Atlantic Canada is facing serious challenges and we no longer have the option of kicking the can down the road. The demographic tsunami is upon us, and there is a looming financial crisis in that wave. With an aging workforce, there will be fewer potential workers and a shrinking tax base. This is compounded by higher demands on healthcare, the single greatest cost driver of provincial budgets.
With a greater tax load, borne by fewer workers, something’s gotta give and part of that that something is the civil service. The cost and size of governments have continued to increase in Atlantic Canada at an unsustainable rate. I would also challenge anyone to demonstrate how a 60 percent increase in spending over 15 years has created commensurate improvements in our government’s service delivery for citizens.
This week, CFIB released Winter is Coming, a report designed to encourage governments to get their spending in check, not just to balance budgets in the short-term, but to be able to provide priority services for the next thirty years.
Last month the Parliamentary Budget Office released its Fiscal Sustainability Report for 2017 and there is some downright scary stuff in there for Newfoundland and Labrador, but the picture isn’t much rosier for the other Atlantic Provinces. The fiscal policy for three of the four Atlantic Provinces is described as “unsustainable” with only Nova Scotia squeaking by with a sustainable assessment that is “sensitive to alternative demographic and health spending assumptions”. In other words, don’t bet your farm on it.
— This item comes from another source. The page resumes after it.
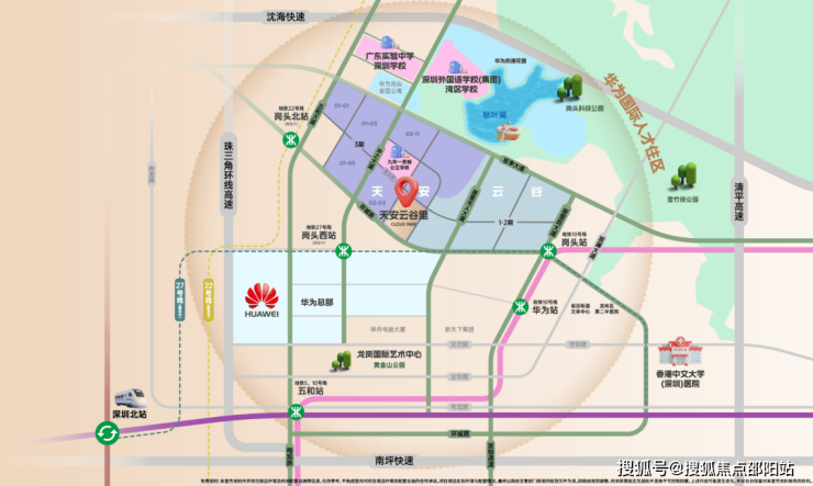高精尖圈层聚落:毗邻华为总部基地,周边吸引了康冠、神舟等众多知名企业,培育了逾600家高新技术企业。作为全球第三大万亿级电子信息产业集群承载区,这里汇聚了庞大的高素质精英人群,区域发展前景较为广阔。
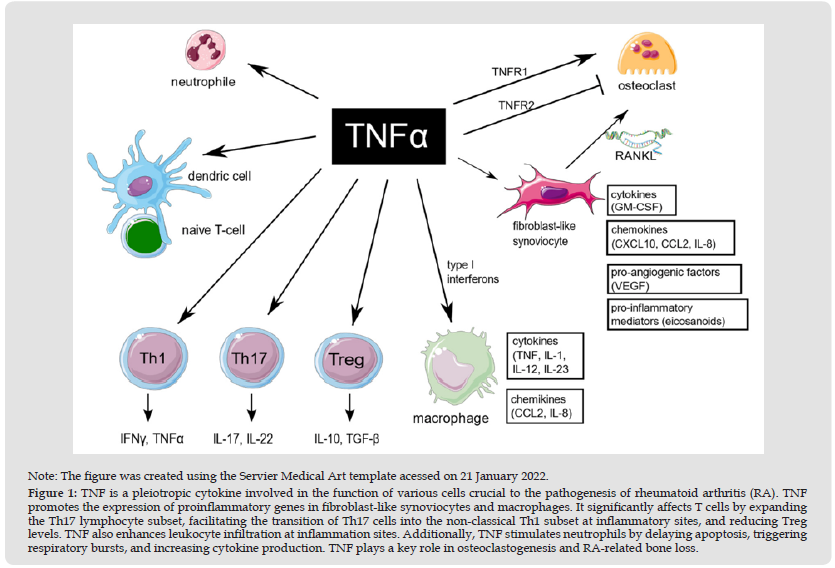 The binding of TNFα trimers (51 kDa) to the receptor activates the NF-κB1 pathway, leading to the production of pro-inflammatory cytokines like IL-1β, IL-6, IL-8, and adhesion molecules. In this way, TNFα directly participates in the defense against infectious agents, while also playing role in the initiation and zeiyasyashehye of chronic inflammation. (Figure 1) TNFα Influences Inflammatory Responses Both Directly and Indirectly. TNFα contributes to inflammation not only by directly inducing the expression of pro-inflammatory genes but also by indirectly promoting cell death. This cell death then further amplifies pro-inflammatory activation in TNFα-driven immune- -mediated inflammatory diseases (IMID). TNFα plays a key role in joint damage by facilitating leukocyte migration to the synovial membrane, promoting bone resorption, and contributing to cartilage collagen degradation through metalloproteinases. Studies of synovial fluid have shown significantly higher concentrations of TNFα in patients with PsA and RA compared to healthy individuals. TNFα is also a potent stimulator of osteoclasts and inhibits the differentiation of osteoblasts, while TNFR2-dependent signaling counteracts this by inhibiting osteoclastogenesis. TNFα is essential for the proper development of T cells. In patients treated with anti-TNFα therapy, regardless of the treatment’s success, the Th17/Treg ratio tends to return to levels observed in healthy individuals. The variability in IMID suggests that TNFα may play different roles in their development. Blocking TNFα or its receptors is the cornerstone of treatment for these diseases, typically through anti-TNFα monoclonal antibodies (mAbs). However, whether different TNFα inhibitors offer varying clinical benefits remains a matter of debate, as large-scale randomized clinical trials comparing different TNFα inhibitors and subsequent meta-analyses are lacking.

In spite of organized labour’s protestations of “austerity” budgets, Provincial government expenditures have grown at roughly double the rate of inflation. What this has left us with is some of the highest taxes in the country, three of the top five largest public sectors per capita in Canada and four of the five highest percentages of public sector compensation as a share of overall compensation.
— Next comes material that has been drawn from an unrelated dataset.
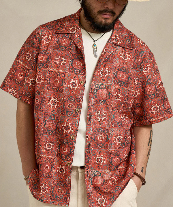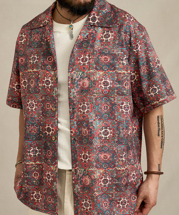 【予約】ペルシャエスニック調パターン総柄アロハシャツ
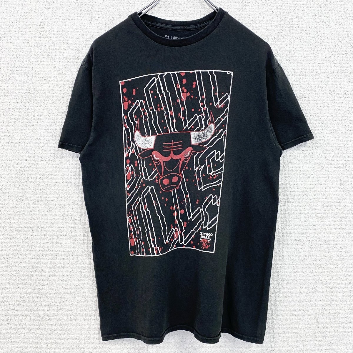 - 古着 used NBA 半袖プリントTシャツ シカゴブルズ バスケットボール クルーネック 黒 ブラック Mサイズ

With our aging workforce, however, there may be great opportunity to press the reset button on our public service. A recent CBC report noted 1 in 4 civil servants in Nova Scotia will be eligible for retirement by 2020. Attrition may provide an important opportunity to reduce the cost of government and return to some level of sustainability without creating an undue hardship on public sector workers.
Government is currently exploring new service delivery methods which will allow for renewal and reduction in the size of the public service. New accessibility legislation is also providing an opportunity for the government to begin shedding excessive, redundant or unnecessary full-time employees (FTEs) through greater use of technology.
Reducing the need for people with mobility challenges to interact face-to-face with the government for routine renewals, permits, licensing or payments through online and mobile device applications will be a welcome relief for many and an enormous cost saving for the government.
The reality is we are also moving into an era where our mantra will be less about finding jobs for people and more about finding people for jobs. Weaning our society off the largest per capita public service in Canada will also free up workers for a private-sector where employees will be in high demand.
The discussion around reducing the cost of government has to move from restricting spending growth to an actual real reduction in spending. Finding technological efficiencies is only one tool. There are real opportunities to be explored in regional cooperation and resource sharing between provinces.
While it needs to be acknowledged New Brunswick has taken steps to reduce the per capita size of its public services in the last couple of years, the region, as a whole, remains well above the Canadian average.
The problem is serious and the problem is upon us. Government leaders must have the courage to acknowledge its severity and presence and take meaningful steps to correct it.